Wednesday, November 23, 2011

Endosulfan Study: Facts and Fallacies

Dr. K. M. Sreekumar*
Dr. K. Divakaran Prathapan**
* Associate Professor, College of Agriculture, Padannakkadu
* Associate Professor, College of Agriculture, Vellayani.




Fifth meeting of the Conference of Parties to the Stockholm Convention held at Geneva in April 2011 has decided to add endosulfan to the United Nations’ list of persistent organic pollutants to be eliminated worldwide1. Endosulfan, a widely used insecticide, is targeted for elimination from the global market by 2012. Health problems in Kasaragod District in Kerala, where endosulfan was aerially sprayed for two decades, was the focal point of an international campaign that culminated in the global ban of the insecticide2. Circumstances link the alleged health problems in Kasaragod District in Kerala to the aerial application of endosulfan. The Achuthan Commission and the National Institute of Occupational Health (NIOH)3 that studied the issue, in 2001 and 2002 respectively, recommended a detailed epidemiological survey in the area. The epidemiological survey that was recommended by the expert committees was conducted only in 2010. This study was undertaken by the Calicut Medical College (CMC) under the Chief Investigatorship of Drs T. Jayakrishnan, C. Prabhakumari and Thomas Bina. The report of the study was published by the Centre for Science and Environment on their website and this critique is based on that publication4

Methodological issues
The CMC (Calicut Medical College) study is a comparison of the health problems of 1000 families of Bovikkanam in Muliyar Panchayath affected by the pesticide application with that of 850 families in Banam in Kodom-Belur Panchayath where no pesticide was applied. However, the people of Bovikkanam and Banam are not comparable as they are dissimilar socially and economically. The Muslim population in North Malabar are socio-economically backward5. The population of muslims in Banam is only 15% where as that of Bovikanam is 45%. This difference reflects in the food habits as well as the health and educational status of the people in these areas. A well designed study based on adequate number of representative samples would have yielded unequivocal and conclusive results.

Kasaragod is internationally known through the heart rending images of mentally challenged children carried by the print and visual media. Yet the published report of the study does not include such individuals, whose number can be exactly recorded. Endosulfan residues in the blood plasma of 41 subjects from 11 panchayaths were analyzed. However, no attempt was made to compare these values with those from the reference population, which is intriguing. Thus it is impossible to make comparisons and draw valid conclusions with regard to this important parameter under study. The various parameters of health studied were not properly defined. For example, there are many types of liver diseases including infective jaundice. It is not clear which types of liver diseases were included. Without providing working definition for a parameter, it cannot be studied clearly.
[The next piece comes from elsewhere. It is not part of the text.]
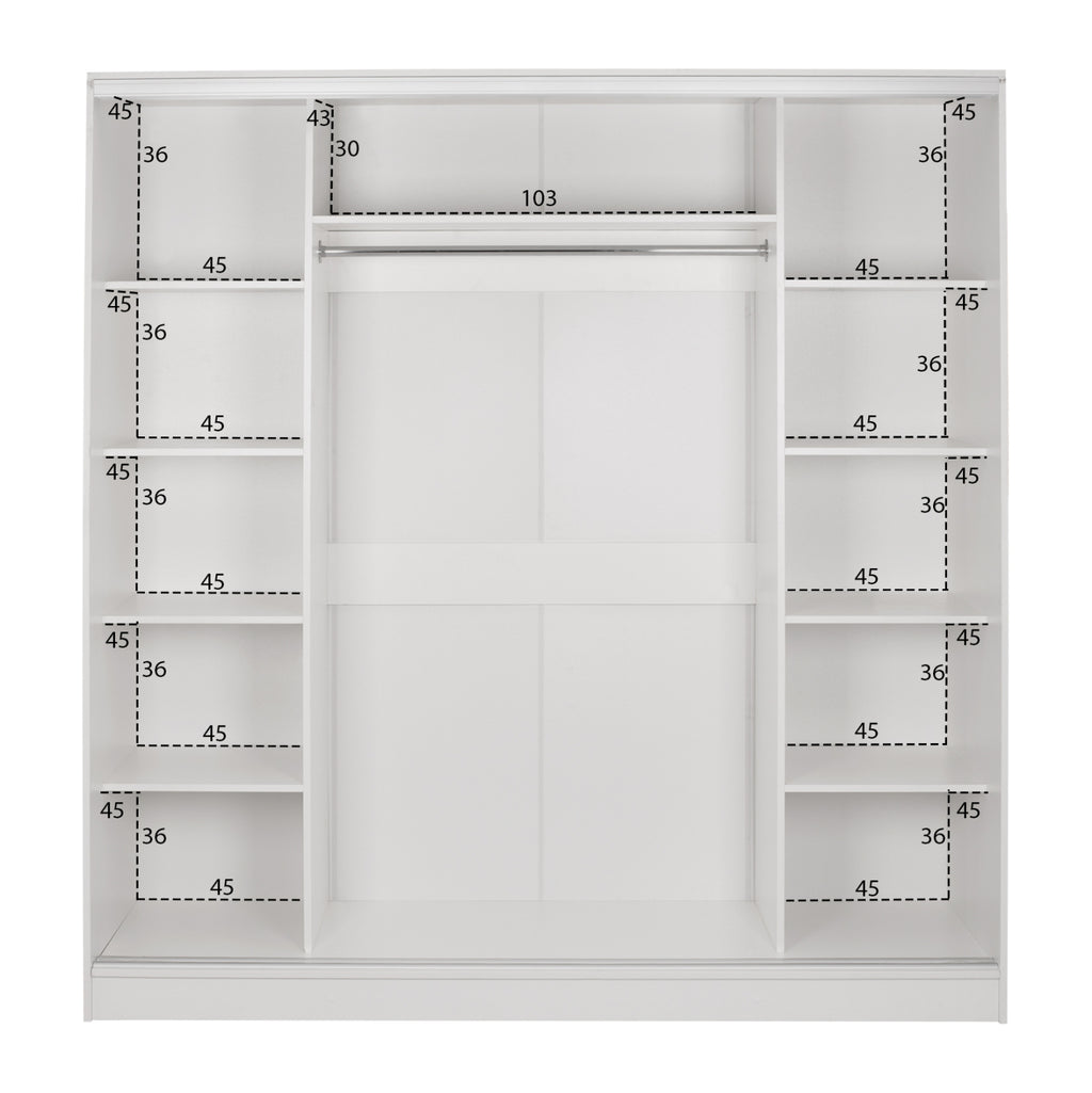 Гардеробът ADLER в бял цвят е перфектният избор за големи семейства и тези, които се нуждаят от максимално пространство за съхранение в светъл и елегантен дизайн.

The conclusions of the CMC study are largely based on subjective parameters. The information gathered is mainly based on memory recall by the subjects. No effort was made to cross check this information with other easily available documented facts. For example, death and birth data is documented in the panchayath offices, which is a reliable source of information to study any possible change in the demographic pattern. Similarly, local veterinary hospitals record unnatural death in cattle. Banks and insurance companies too have a data base of morbidity and mortality in cattle as they pay compensation. No attempt was made to make use of such readily available information. The study was conducted at the peak of propaganda by the local Punchiri Club and the visual media. Hence it is highly probable that the responses of the subjects were biased and hence the inferences of the study are erroneous and misleading.

The reproductive health events in women above 30 years (whose reproductive period was during the period of aerial spraying) have been compared with those in women aged below 30 years (whose reproductive period started after the cessation of the aerial spraying). This study had been
designed to assess plausible improvement in the reproductive health of women following withdrawal of endosulfan application. The study report has specified that data on the reproductive heath events in all married women in the study area were collected. However, women are literally transplanted into the family of their husbands following marriage, under the Indian family system, for which Kasaragod is no exemption. This means, at least a section of the women studied by the CMC researchers were living outside the study area with their parents during the period of application of the insecticide. Similarly, many housewives in Banam (unsprayed reference area) are likely married into their respective families from the neighboring sprayed areas. This simple social reality is strong enough to contort the whole data and inferences on reproductive health events in women, as evidently the study is based on a mixture of subjects from both exposed and unexposed areas. Generally, a high proportion of young married men in muslim families in Muliyar work in gulf countries. As a result of the long spell of separation of couples, chances of conception are less and it is common that such couples seek infertility treatment. This is a strong factor that would distort the results of the study on the reproductive health of women as well as their infertility rates. Moreover, the data on reproductive health problems during the period of pesticide application (1980-2000) was never statistically compared with the same during the decade after cessation of the pesticide application.